It's been a full day! It started this morning at 5:30 a.m., leaving for Front Royal by 6.
We played our last Football game of this session this morning at 7:45 a.m.. Man, was it a close one. We almost won. The score was 36 to 0. Well, o.k., so it wasn't that close.
We did have a great time.
Well, o.k., so we didn't have a great time. We at least finished the season without giving up. Who ever said "winning is not everything" was right but winning sure does make everything else a whole lot more fun.
We did have a great time at church today despite the nasty weather. It's always encouraging to see new faces in the crowd. I had a lot of fun with the new series. Today's message was called "If I only had a brain". I talked about the importance of seeking counsel. I was reminded how many people I count on for guidance and all the great examples and mentors that I have benefited from in my own life. I promised myself that I would express my appreciation to several folks this week who have invested in my life over the years by their words and ways.

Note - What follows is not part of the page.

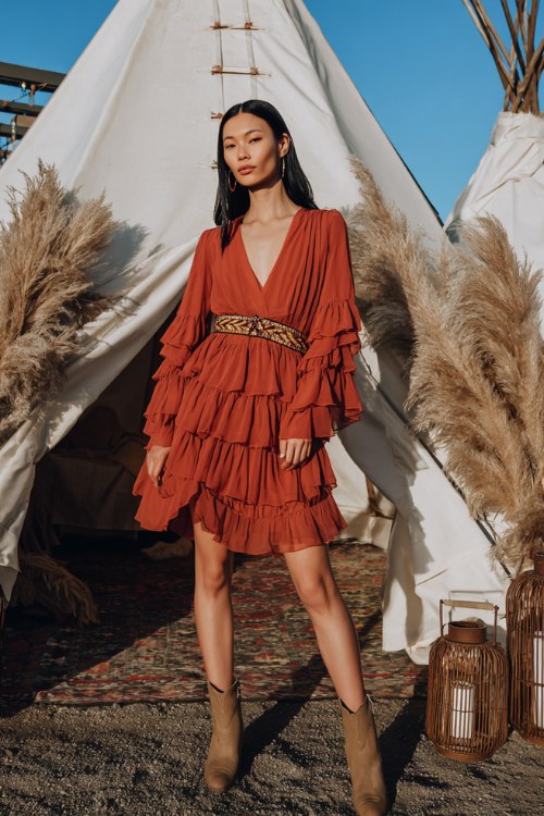 9. Attending a bohemian-inspired fall wedding? A tiered burnt orange ruffle midi with a detailed waist belt is playful and unique.

This evening we visited a friend who just lost his youngest son in a car accident. I know he was broken on the inside but it was very evident that he was relying on the Lord for strength. How do people handle things like that without leaning upon God? Ronda and I were talking on the way home, in light of our recent loss, with the death of her mom; how does people get through things like this if they don't have the hope of heaven and the promises from Christ that we will be reunited with our loved ones again. The Lord sure is good!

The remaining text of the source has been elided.